SAVE gains in SumR compared to AVIGATE: MSRVTT-9k +8.5, VATEX +6.2, Charades +10.8.

Group Analysis (MSRVTT-9k)¶

Group	SAVE vs AVIGATE SumR Difference
Vision-related (499 cases)	Positive Gain
Sound-related (226 cases)	+11.5
Speech-related (171 cases)	+12.9
Sound+Speech-related (104 cases)	+16.4

Efficiency Analysis¶

Method	Computational Complexity	Inference Time	SumR
TEFAL	\(O(n_{\mathcal{A}} n_{\mathcal{T}} + n_{\mathcal{V}} n_{\mathcal{T}})\)	140.57ms	209.2
AVIGATE	\(O(n_{\mathcal{A}} + n_{\mathcal{V}} + n_{\mathcal{T}})\)	9.90ms	207.7
Ours	\(O(n_{\mathcal{S}} + n_{\mathcal{A}} + n_{\mathcal{V}} + n_{\mathcal{T}})\)	9.90ms	216.2

SAVE maintains the same inference latency as AVIGATE (9.90ms) because video features can be extracted offline.

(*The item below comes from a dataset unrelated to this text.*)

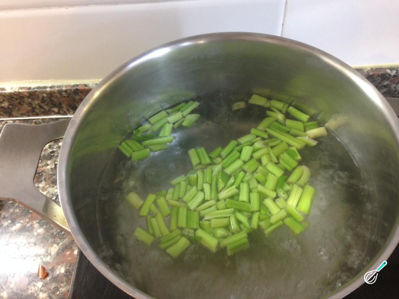 Para começar, lave e corte os troncos de aipo e deixe ferver durante alguns minutos. Escorra e deixe descansar sobre um pano limpo.
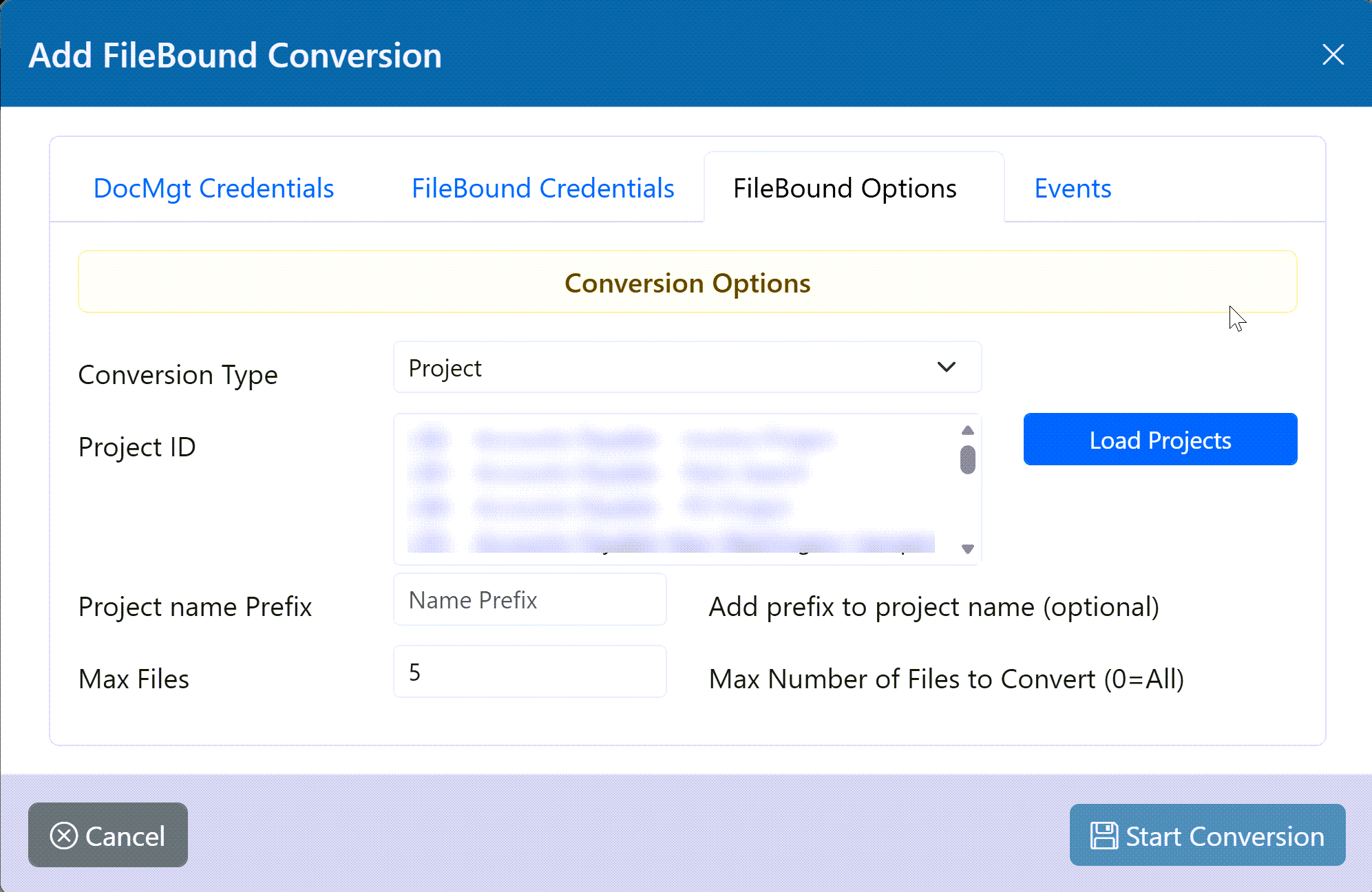 Max Files - The maximum number of files to convert for this conversion. This is useful to do sample conversions and to test your conversions before doing a full conversion. Setting this to 0 will convert all files from the selected project(s).

Ablation Study: Speech Branch vs. Audio Branch¶

Removing speech branch: SumR -4.3
Removing audio branch: SumR -8.7
Both contribute significantly; the audio branch has a larger impact due to more sound-related queries in the dataset.

Highlights & Insights¶

Precise Problem Insights: The toy experiment demonstrating AST's clustering failure in speech space makes the motivation highly persuasive.
Elegant Speech Branch: The Whisper ASR → CLIP text encoder pipeline cleverly leverages CLIP's pre-aligned text-vision capabilities to encode speech.
Strong Generalization of soft-ALBEF: Using ImageBind to provide noise-tolerant soft supervision solves the fundamental issue of missing correspondences in vision-audio pairs.
Zero Extra Inference Cost: All added computations can be performed offline.
Impressive Gains on Charades: Despite only 13.5% of videos having ASR text, SumR improved by 10.8, proving that soft-ALBEF effectively utilizes the audio modality.

Limitations & Future Work¶

Validated only on short video clips; ASR text in long videos (e.g., e-commerce live streams) is typically longer and noisier.
Dependent on Whisper's ASR quality; performance may vary for non-English languages.
Uses ViT-B/32; larger backbones were not explored due to GPU budget constraints.
Using ImageBind for soft-ALBEF introduces additional offline computational costs.
Limited potential for improvement in entirely silent videos.

Rating¶

Dimension	Score
Novelty	⭐⭐⭐⭐
Experiments	⭐⭐⭐⭐⭐
Writing	⭐⭐⭐⭐⭐
Overall Value	⭐⭐⭐⭐